Records supplied:
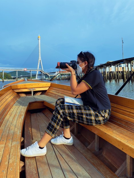 In quiet moments, the floating houses are reflected in the canal’s murky water, through which tangles of twigs, plastic fragments, and the occasional soiled diaper eddies never-endingly, leaving a trail of dirty foam suggestive of detergent soap. The air itself stings you – the fetid river breeze pierces one’s nostrils unforgivingly. It’s hard to describe: it is a mix of shrimp-paste, mud, decomposing fish and urine. A few men can be seen braving the stink, staking their fishing lines on the edge of their boats. Guffaws of laughter an endless noise from their end. I wave nonchalantly as we importantly hurried past, the river mist pooling on my face. I lick my lips for the full experience. River flavour.
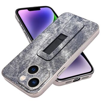 For iPhone 14 Plus Denim Pattern Electroplated Push-pull Bracket Cooling Phone Case(Grey Blue)
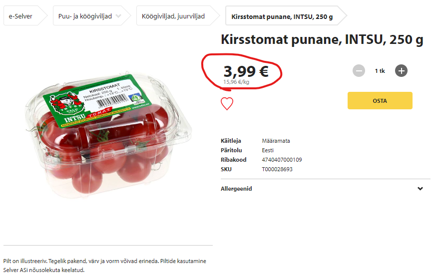 Intsu talu tomati hind on siiski 7.99 (hetkel oli Selveris isegi 5.99) mitte 20. Sellestki ilmselt suur osa on kaupmehe juurdehindlus. Kuu aega tagasi oli Kreeka maasika hind sama, ei olnud kuskil suurt nuttu. Kohalik tomat tundub igal juhul parem ost kui kõrvitsa latte :)
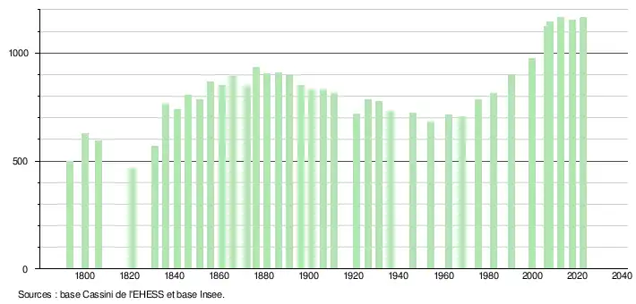 - ↑ Fiches Insee - Populations de référence de la commune pour les années 2006, 2007, 2008, 2009, 2010, 2011, 2012, 2013, 2014, 2015, 2016, 2017, 2018, 2019, 2020, 2021 et 2022.
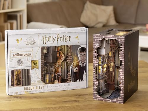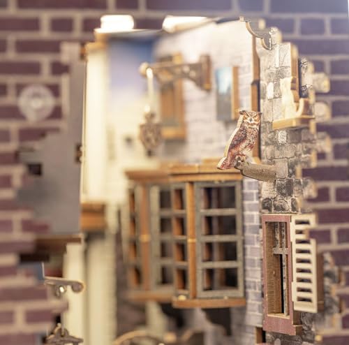 L'assemblaggio del Book Nook di Diagon Alley è un'esperienza gratificante che richiede una certa dose di pazienza e manualità, ma che sa ripagare ogni sforzo. Il sistema a incastro dei pezzi è intuitivo e ben progettato, rendendo il montaggio fluido per la maggior parte del tempo. Tuttavia, per alcuni dettagli più piccoli e delicati, è richiesto l'uso di colla per legno (non inclusa nella confezione), un passaggio necessario per garantire la stabilità e la durata del modello finito.
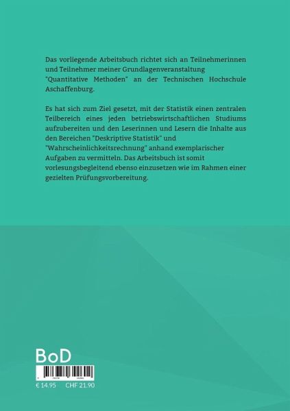 Das vorliegende Arbeitsbuch richtet sich an Teilnehmer meiner Grundlagenveranstaltung "Quantitative Methoden" an der Technischen Hochschule Aschaffenburg. Es hat sich zum Ziel gesetzt, mit der Statistik einen zentralen Teilbereich eines jeden betriebswirtschaftlichen Studiums aufzubereiten und den Lesern die Inhalte aus den Bereichen "Deskriptive Statistik" und "Wahrscheinlichkeitsrechnung" anhand exemplarischer Aufgaben zu vermitteln. Das Arbeitsbuch ist somit vorlesungsbegleitend ebenso einzusetzen wie im Rahmen einer gezielten Prüfungsvorbereitung.
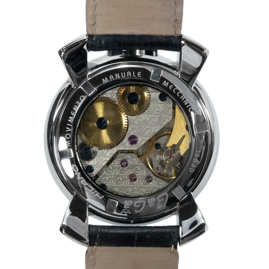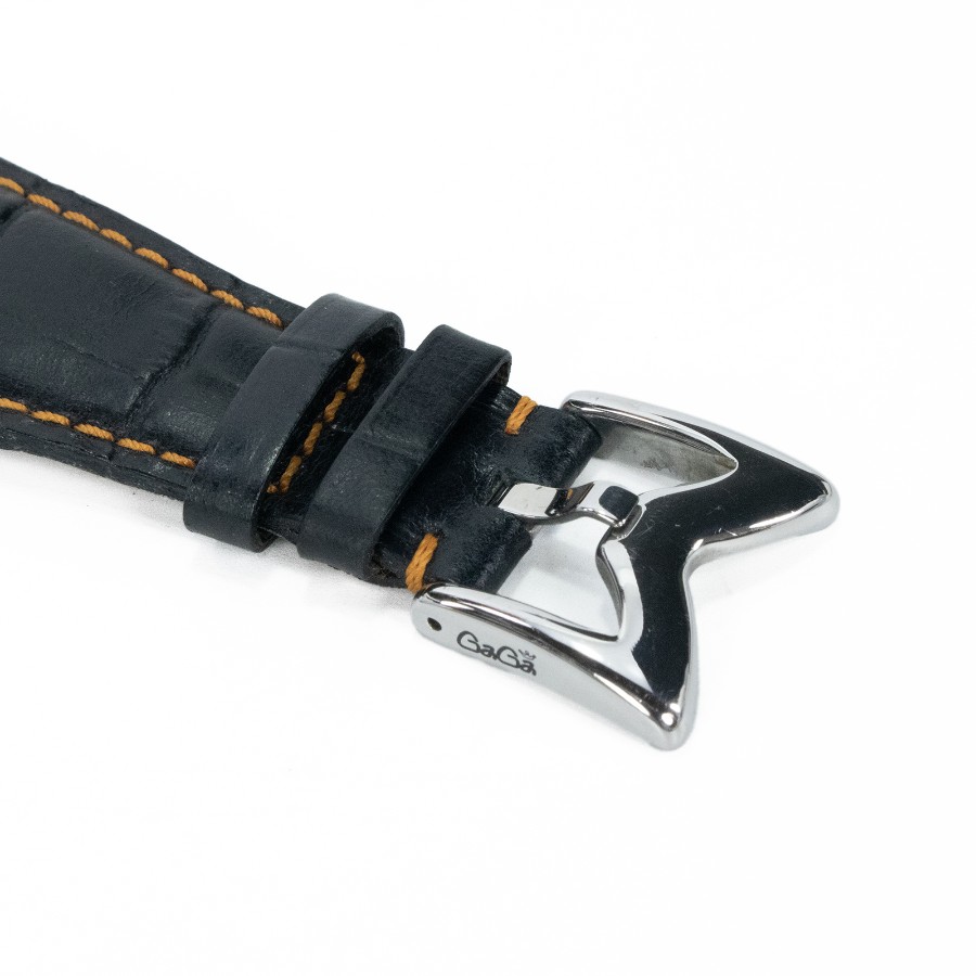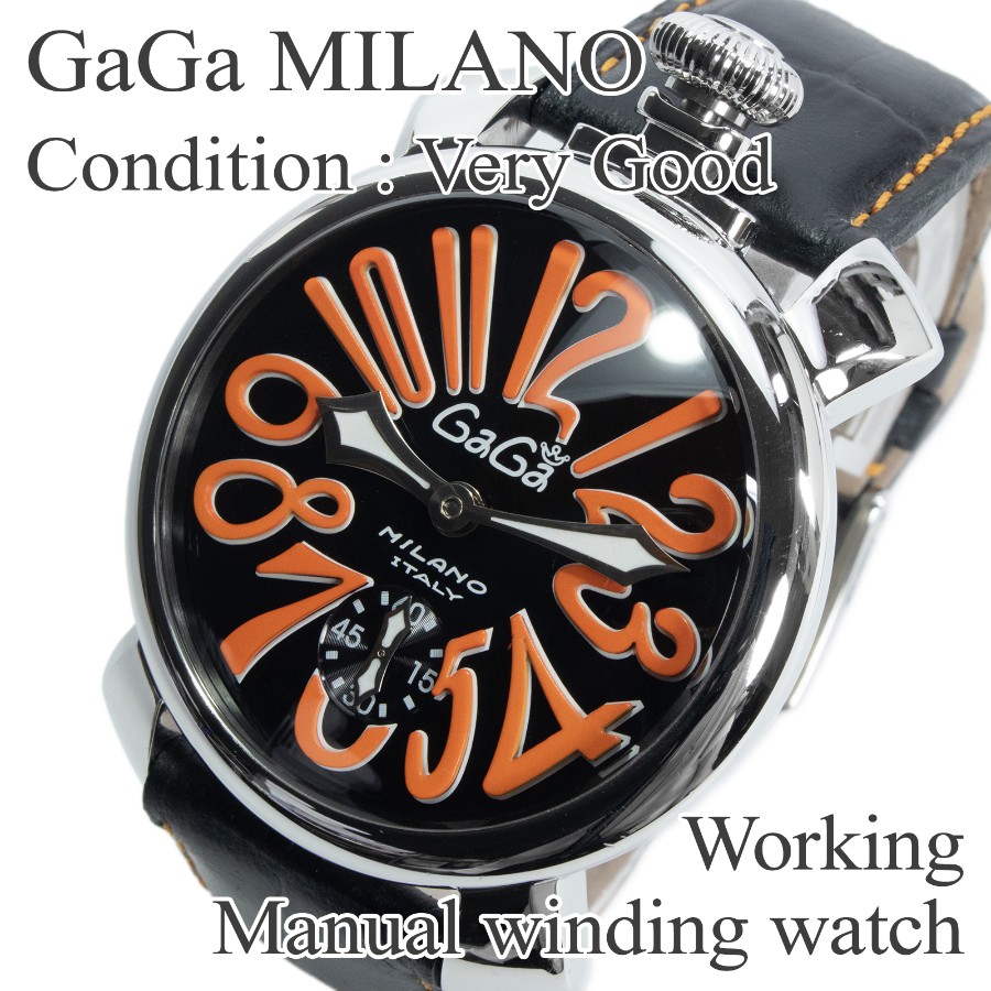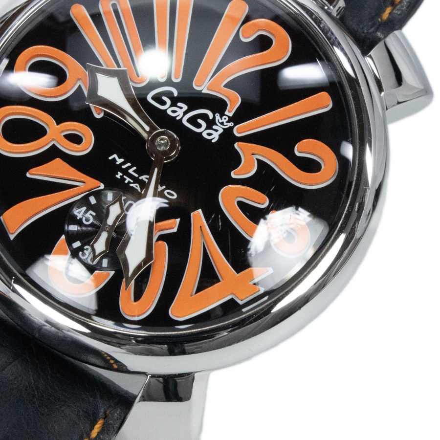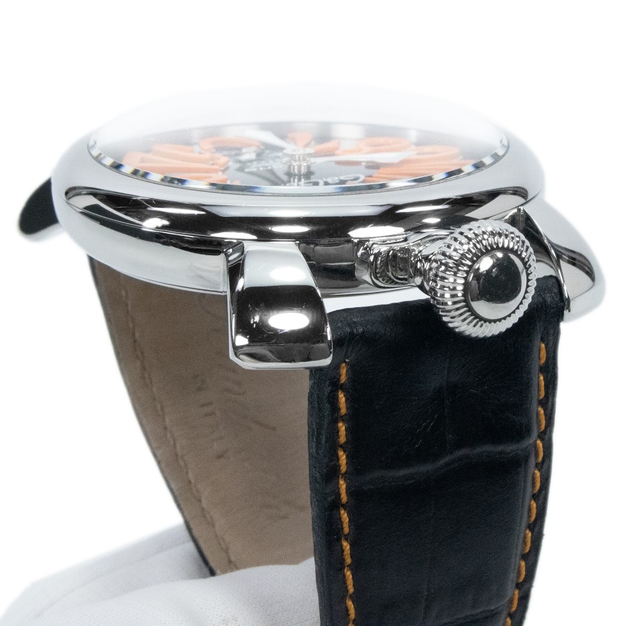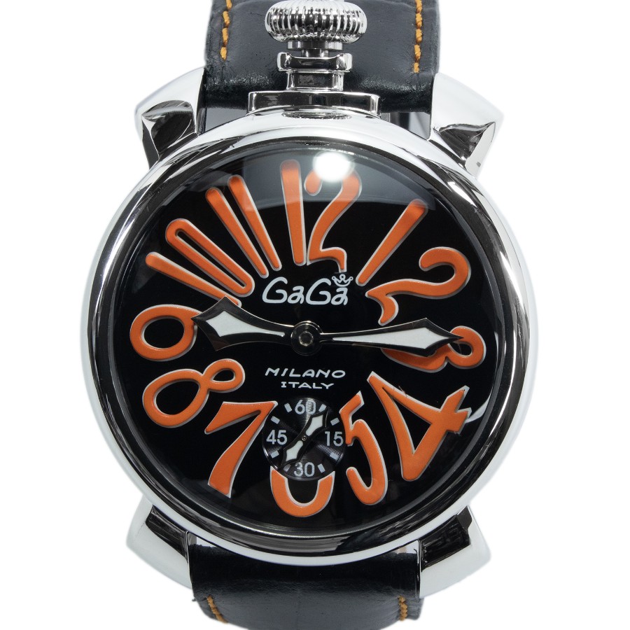 こちらは、ブラックの文字盤に浮かび上がる鮮やかなオレンジの立体インデックスが目を惹く、ガガミラノのマヌアーレ48mm・腕時計でございます。

Task details: Restate word for word every line from the one with "For iPhone 14" up to and including the one with "Intsu talu tomati" in the records above, minus the pictures.

Your solution:
 For iPhone 14 Plus Denim Pattern Electroplated Push-pull Bracket Cooling Phone Case(Grey Blue)
 Intsu talu tomati hind on siiski 7.99 (hetkel oli Selveris isegi 5.99) mitte 20. Sellestki ilmselt suur osa on kaupmehe juurdehindlus. Kuu aega tagasi oli Kreeka maasika hind sama, ei olnud kuskil suurt nuttu. Kohalik tomat tundub igal juhul parem ost kui kõrvitsa latte :)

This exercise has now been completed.